◆ WHAT NEEDS TO BE DONE
An exact retyping of all lines below is the answer; pictures do not belong in it.

◆ SUPPLIED INFORMATION
•••

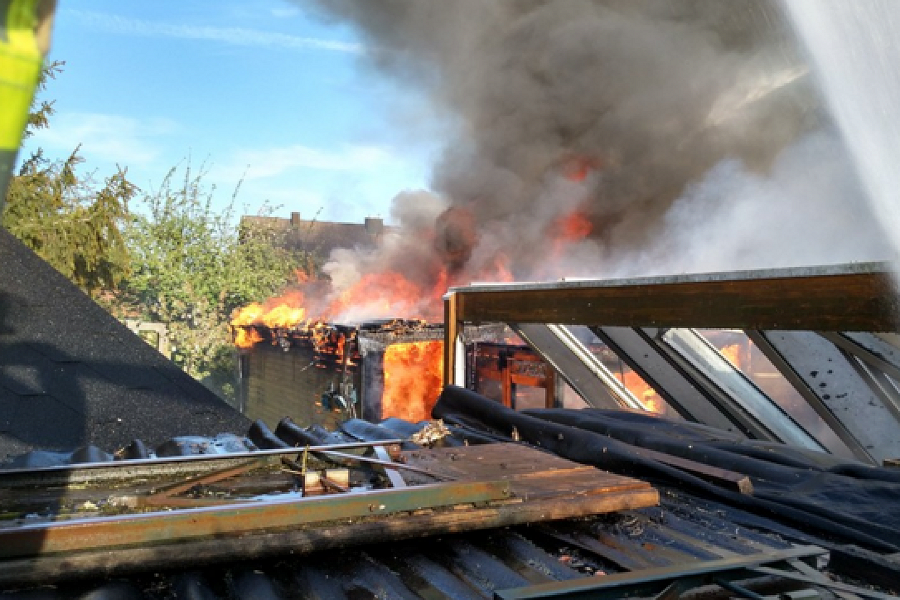 In der Straße Im Mittelfeld in Giebelstieg ist gestern am frühen Abend eine Fahrradwerkstatt in Flammen aufgegangen, auch das angrenzende Wohnhaus wurde dabei in Mitleidenschaft gezogen.. Das Einsatzstichwort für die Wehr lautete zunächst "B1 – Gartenlaube" in der Straße Im Mittelfelde. Schon während der Anfahrt wurde nach Rücksprache mit der Leitstelle aufgrund der von Weitem sichtbaren Rauchsäule und der hohen Anzahl an eingehenden Anrufen bei der Leitstelle auf das Stichwort "B1 – Wohnhausbrand" gewechselt und so weitere Kräfte nachalarmiert. Vor Ort stellte sich heraus, dass das von einem Holzanbau ausgehende Feuer bereits dabei war, auf das Wohnhaus überzugreifen.
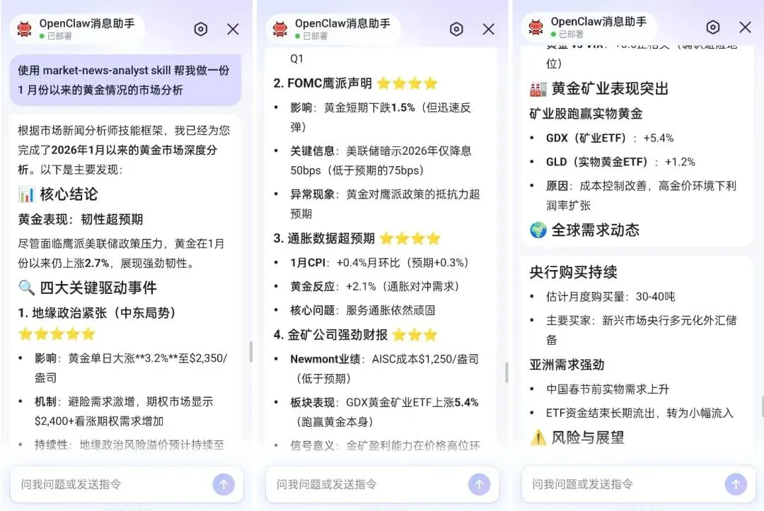 比如,如果你是市场金融相关行业的,可以做一些市场分析报告,里面有很多跟股票金融相关的技能,最近黄金比较火,比如,我说:帮我做一份 1 月份以来的黄金情况的市场分析。
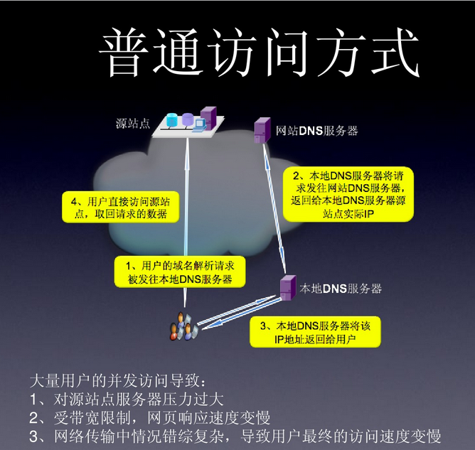 对于普通的Internet用户来讲,每个CDN节点就相当于一个放置在它周围的WEB。通过全局负载均衡DNS的控制,用户的请求被透明地指向离他最近的节点,节点中CDN服务器会像网站的原始服务器一样,响应用户的请求。由于它离用户更近,因而响应时间必然更快。
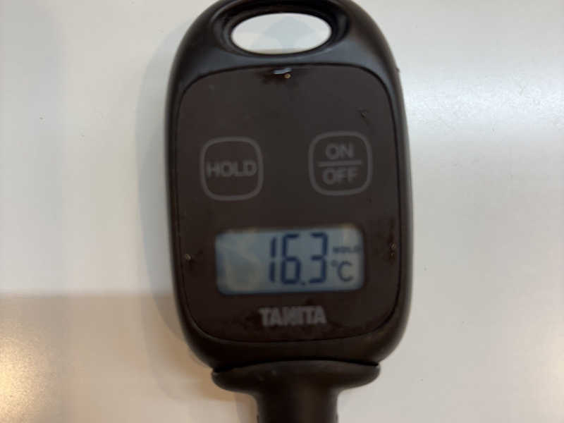 10時からっていうのでこの後もう少し熱くなるかもと少し時間置いて入ることにしてとりあえず水風呂バスタブの温度を測ってみる。

•••

◆ RESPONSE TO THIS EXERCISE
 In der Straße Im Mittelfeld in Giebelstieg ist gestern am frühen Abend eine Fahrradwerkstatt in Flammen aufgegangen, auch das angrenzende Wohnhaus wurde dabei in Mitleidenschaft gezogen.. Das Einsatzstichwort für die Wehr lautete zunächst "B1 – Gartenlaube" in der Straße Im Mittelfelde. Schon während der Anfahrt wurde nach Rücksprache mit der Leitstelle aufgrund der von Weitem sichtbaren Rauchsäule und der hohen Anzahl an eingehenden Anrufen bei der Leitstelle auf das Stichwort "B1 – Wohnhausbrand" gewechselt und so weitere Kräfte nachalarmiert. Vor Ort stellte sich heraus, dass das von einem Holzanbau ausgehende Feuer bereits dabei war, auf das Wohnhaus überzugreifen.
 比如,如果你是市场金融相关行业的,可以做一些市场分析报告,里面有很多跟股票金融相关的技能,最近黄金比较火,比如,我说:帮我做一份 1 月份以来的黄金情况的市场分析。
 对于普通的Internet用户来讲,每个CDN节点就相当于一个放置在它周围的WEB。通过全局负载均衡DNS的控制,用户的请求被透明地指向离他最近的节点,节点中CDN服务器会像网站的原始服务器一样,响应用户的请求。由于它离用户更近,因而响应时间必然更快。
 10時からっていうのでこの後もう少し熱くなるかもと少し時間置いて入ることにしてとりあえず水風呂バスタブの温度を測ってみる。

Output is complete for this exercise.